Mayor Jaroslav Polaček told local media the city of Košice also funded some repairs in the neighborhood prior to the pope’s visit, “so that we are not ashamed of the city quarter because many visitors will come here,” adding that “other special requests, which came directly from the Vatican,” were not completed however.
“It is not easy to leave prejudice behind, even for Christians,” the pope said in Lunik. “It is not easy to value others, especially if we see them as problems or enemies; if we pass judgement without making any effort to get to know them and to listen to their stories.”
“Marginalizing others accomplishes nothing. Segregating ourselves and other people eventually leads to anger,” he stated.
“The path to peaceful coexistence is integration: an organic, gradual and vital process that starts with coming to know one another, then patiently grows, keeping its gaze fixed on the future. And what is the future? It is our children. The future belongs to them; they are the ones to guide us: their great dreams must not collide with barriers that we have erected.”
“Courageous decisions must be made on behalf of our children: to promote their dignity, to educate them in such a way that they can grow up solidly grounded in their own identity and be given every opportunity they desire.”
At the beginning of the encounter, Pope Francis listened to two short testimonies from Roma.
The 61-year-old Ján Hero, a father of five with his wife, Beáta, who is Slovak, recalled visiting Rome six years ago with other Roma for a meeting with Pope Francis.
“We have the hope that your mission here today, among us, in this place will help us to ignite a greater faith and a more stable determination to transform our personal and spiritual life towards the better,” he said.
René Harakaly, 29, grew up in the Lunik IX neighborhood along with her husband Nikola. She said thanks to the help of the Catholic Church and the Salesians, they lived their adolescence “in a more beautiful and meaningful way.”
“[The Salesians] dedicated themselves to us, they trusted us, and this has influenced our desire for education, even though this was often difficult,” she said. “Our parents also encouraged us to go against the grain.”

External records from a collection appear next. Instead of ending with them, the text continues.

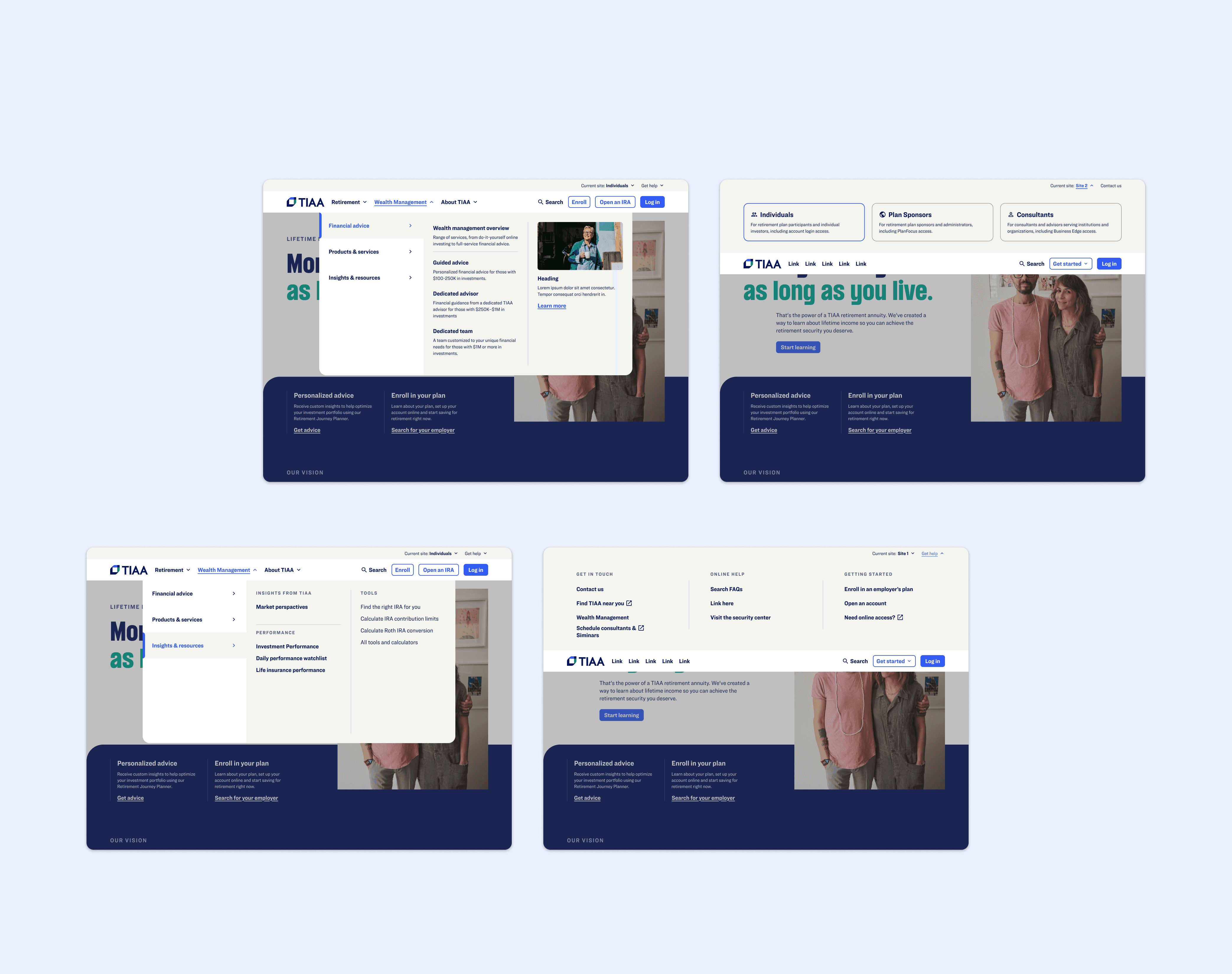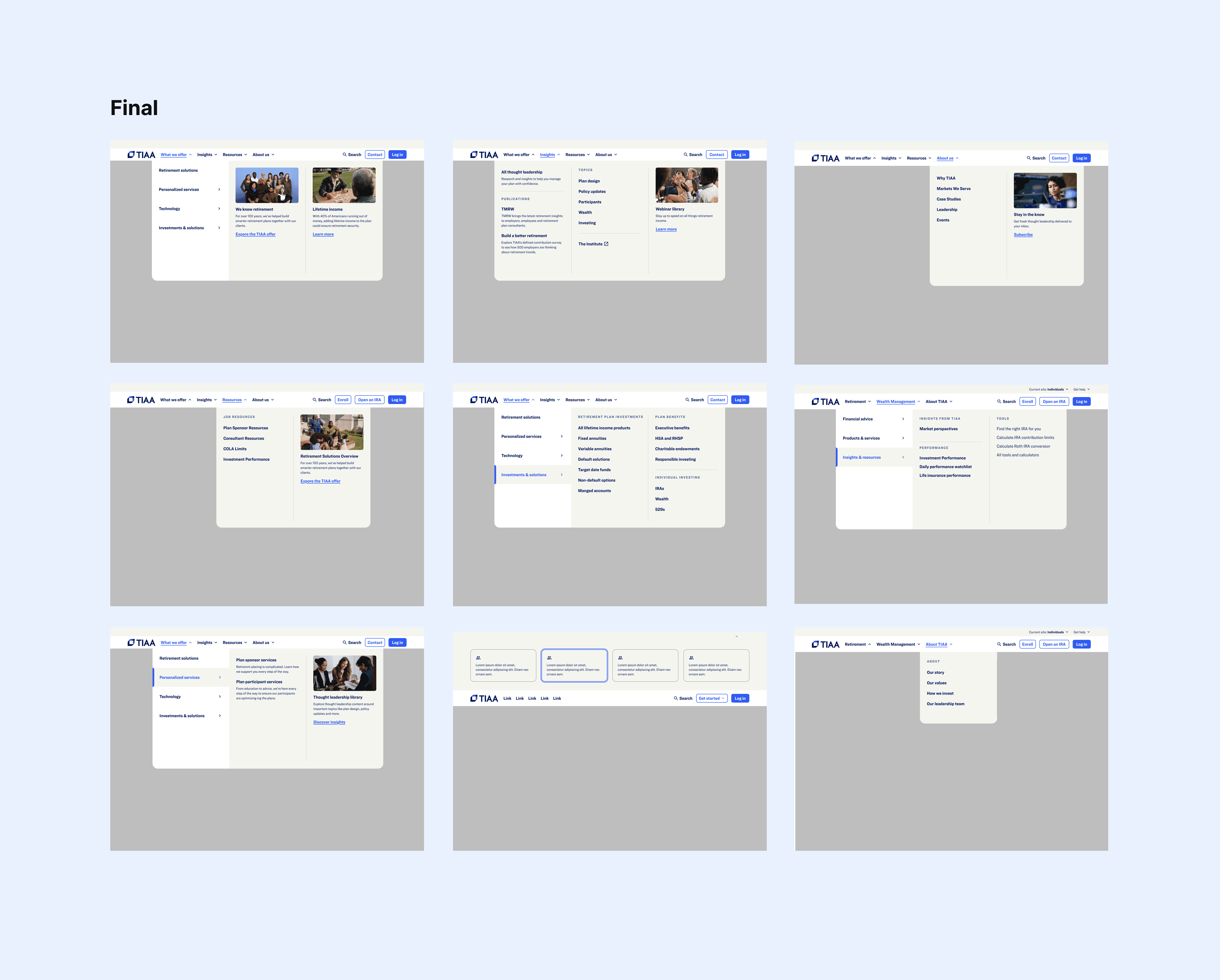 Working closely with a Behavioral Experience Designer, an Ethos system designer, and multiple development teams, we created a modular, federated navigation framework. The system introduced a multi-column layout that organized content by user intent and business priority. It supported different layout configurations so each audience—consumer, institutional, and participant—could see navigation tailored to their needs. Responsive behavior was defined across all major breakpoints, and accessibility standards were built in from the start. Comprehensive Figma documentation provided variants, behaviors, and developer specs to ensure consistency across teams and future scalability.
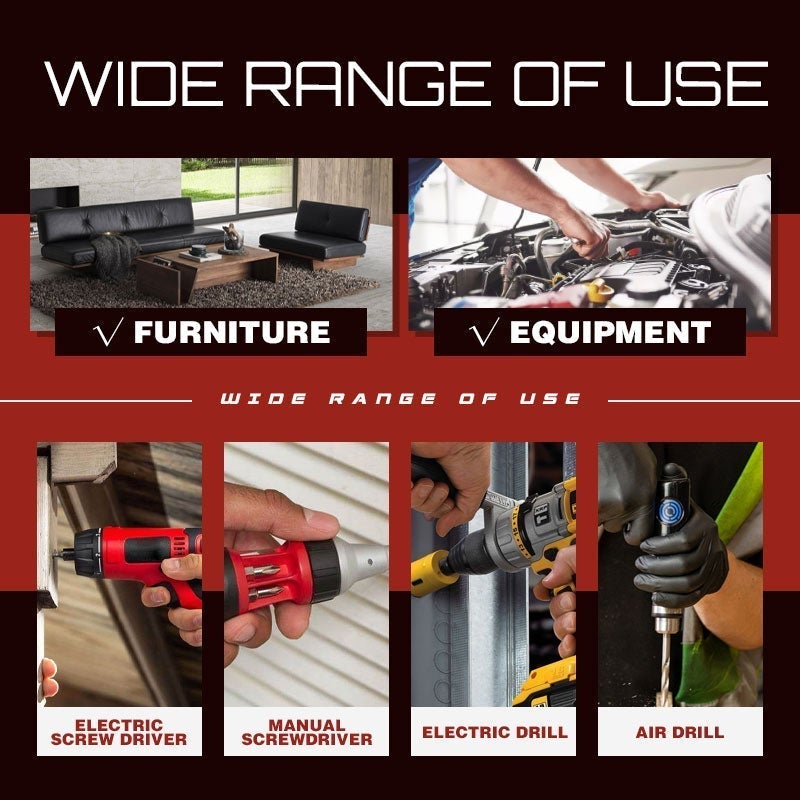 - Geeignet für Elektroschrauber, Handschrauber, Elektrobohrmaschinen und Druckluftbohrmaschinen. Ideal für Arbeiten an Motorrädern, Fahrrädern und Möbeln, zur einfachen Reparatur und Demontage von Möbeln und Geräten
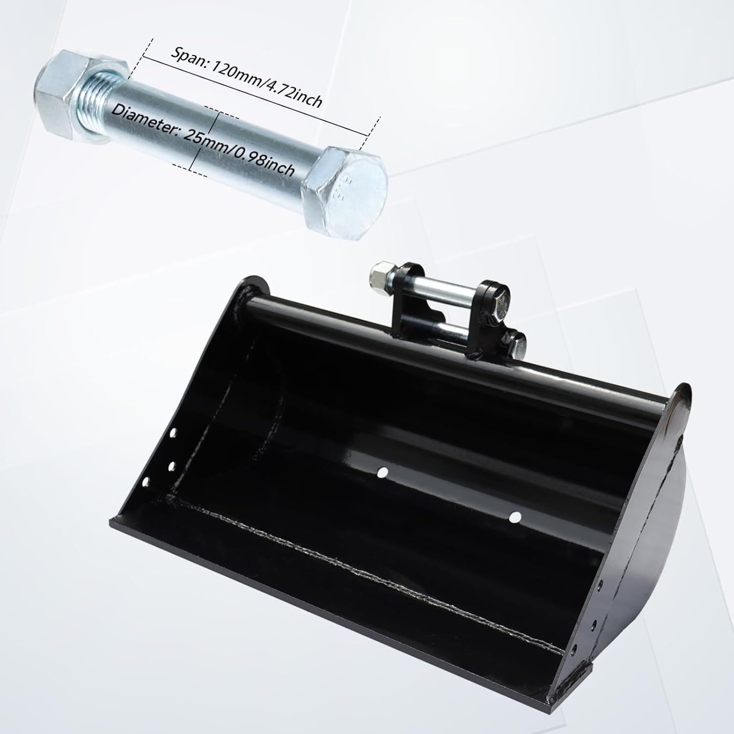 This bucket can be easily mounted to an excavator to get the job done efficiently. It is compatible with most mini excavators on the market. The hole diameter is 25 mm/0.98 inches. The center wheelbase is 88 mm/3.46 inches. Span length is 90 mm/3.54 inches.
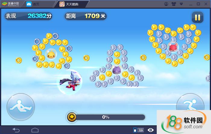 1、繼承經典,新增“下滑”操作。繼承經典酷跑游戲的基礎玩法,新增“下滑”操作,樂趣翻番。區別于市面上常見的酷跑游戲,該作的操作只需兩根手指就可以完全搞定。按“跳躍”鍵向上跳躍,按“下滑”鍵俯身下滑——掌握了這兩個動作你就已經可以完全無顧慮的在游戲中勇往直前了。
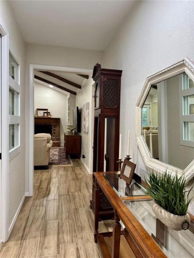 .39 Acre Lot and a SHE-SHED in back. This inviting home offers both formal and informal areas, porch & patio, a wood burning fireplace and split bedrooms. At the center is an intuitively designed, kitchen featuring a Carrera Marble backsplash and marbled quartz countertops. The formal area functions very well as a large home office. The custom glass panel pocket doors and glass panel barn door are perfect for making the space a little quieter when working. The mudroom-laundry room wins for best supporting space in a home! Located just off the kitchen, it features 2 closets, (a pantry & a multipurpose), a full bank of upper cabinets, and freezer space. It's not a glamorous job, but it does it well! Mechanical updates include: HVAC & duct work, windows with tilt clean feature, water heater, electrical panel, main plumbing line to road, light fixtures, sinks faucets and toilets. Kitchen cooktop and wall oven are Whirlpool. Dishwasher is a low decibel stainless steel Bosch. Radiant barrier in attic. Fully fenced yard with 5 large oak trees, 3 fruit bearing apricot trees, and 2 fig trees. Additional updates include tile wood-look flooring, interior and exterior paint.
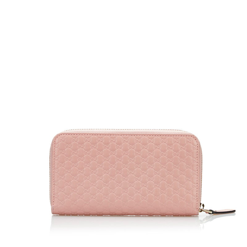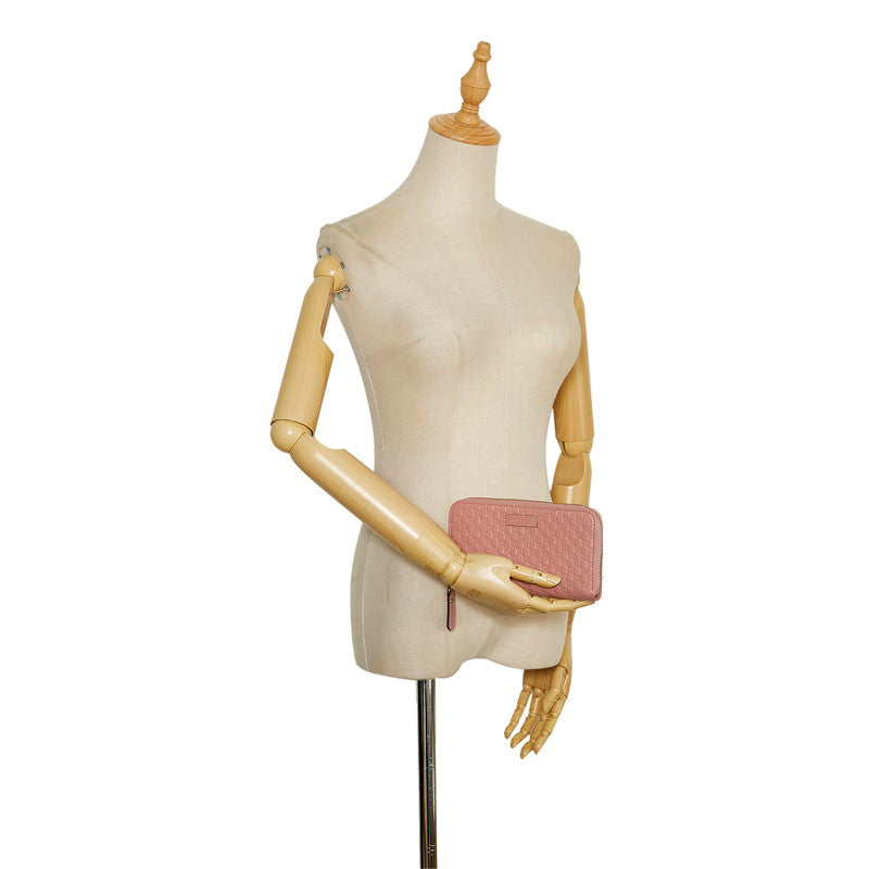 グッチ マイクログッチシマ ラウンドファスナー 長財布 449391 ピンク レザー レディース GUCCI 【中古】

Harakaly said she and her husband received the sacraments from the Salesians, who also baptized their two young children, and with their support, have managed to move to a new part of the city to better integrate into Slovakian society.
Fr. Bešenyei, who is the director of the diocesan center for the Roma mission in Košice, told Pope Francis “the Catholic Church is very committed to the Roma, even if by the State this commitment of the Church is ignored and not appreciated.”
“Holy Father, we believe that his presence in this place contributes to us all achieving greater unity despite diversity and walking the path towards a more peaceful coexistence, through mutual esteem, reconciliation and forgiveness,” he said.
Pope Francis concluded the meeting by leading everyone in praying the Our Father.
“I ask all of you to overcome your fears and to leave behind past injuries, confidently, step by step: in honest work, in the dignity born of earning our daily bread, in fostering mutual trust and in praying for one another,” he said. “That is what guides our steps and gives us strength. I encourage you, I bless you and I bring you the embrace of the whole Church.”